A heightened security presence is to be expected in Al-Bab and in northeastern Syria over the near term. Further such attacks, as well as clashes between opposing security forces, are possible in the region over the coming days and weeks.
Turkish President Recep Tayyip Erdoğan announced on October 5 that Ankara would launch a military operation in northeastern Syria in an attempt to expel Kurdish (YPG) forces from the Syrian-Turkish border. Erdoğan stated that the air and ground operations would extend 30 km (19 mi) into Syria from Syria's northeastern border with Turkey. Turkey considers the YPG to be a terrorist organization linked to the Kurdistan Workers' Party (PKK) group.

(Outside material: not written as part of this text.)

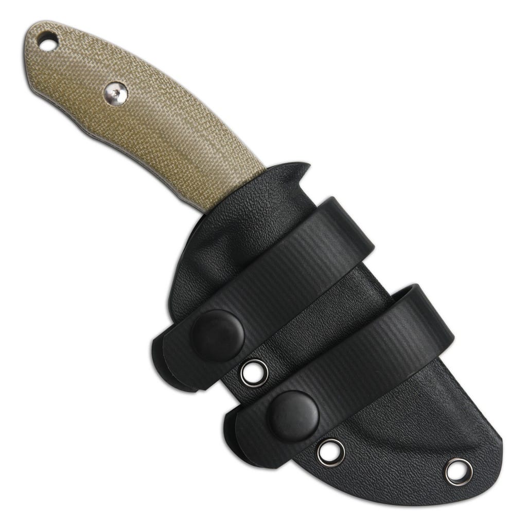 Mutt to kompaktowy nóż survivalowy zaprojektowany przez Johnathana Shawa dla firmy CJRB Cutlery. Model doskonale sprawdzi się do aktywności na świeżym powietrzu, idealny na kemping do przygotowywania jedzenia, a także do budowania schronienia, gdy znajdziemy się z dala od cywilizacji. Szerokie ostrze o agresywnym wyglądzie wykonano z nierdzewnej stali proszkowej AR-RPM9, produkowanej i zastrzeżonej przez Artisan Cutlery. Charakteryzuje się ona wysoką odpornością na korozję, długo utrzymuje ostrą krawędź tnącą oraz jest łatwa w utrzymaniu i w ostrzeniu. Wykończenie jej metodą Sand Polish pozostawia drobne ryski lekko matujące powierzchnię, dające efekt niedokładnego wypolerowania. Nóż odznacza się konstrukcją full tang, co zwiększa jego wytrzymałość podczas wymagających prac. Ergonomicznie wyprofilowane okładziny zrobiono z przyjemnej w dotyku Micarty. Na zakończeniu umieszczono otwór umożliwiający przełożenie breloka ozdobnego lub paracordu i stworzenie oplotu na nadgarstek. W zestawie znajduje się pochwa z kydexu wyposażona w troki mocujące, dzięki którym z łatwością doczepimy całość do paska spodni lub innego wyposażenia typu plecak, czy kamizelka. CJRB to przystępna cenowo marka własna firmy Artisan Cutlery, która narodziła się z pragnienia, aby jakość i wydajność oferowanych produktów była dostępna dla wszystkich, bez kompromisów w zakresie materiałów. Noże CJRB tworzone są przez zespół zajmujący się również linią premium, dlatego możemy spodziewać się kunsztu i tej samej dbałości o szczegóły, co w droższych egzemplarzach.

On Tuesday, October 22, an agreement was reached between President Erdoğan and Russian President Vladimir Putin on the establishment of a "safe zone" in northern Syria. Between Wednesday, October 23, and Monday, October 28, Russian military police and Syrian border guards will move in to facilitate the removal of Kurdish People's Protection Units (YPG) forces and weapons to beyond the zone, which extends 29 km (18 mi) beyond the Turkish-Syrian border. After the initial phase of the operation, Turkish and Russian troops will conduct joint patrols in northern Syria within 10 km (6 mi) of the border, beginning on Tuesday, October 29.
Due to extremely poor security conditions, Western governments generally advise against all travel to Syria, with some banning travel to the country. Professional security advice and support should be sought prior to any travel to Syria.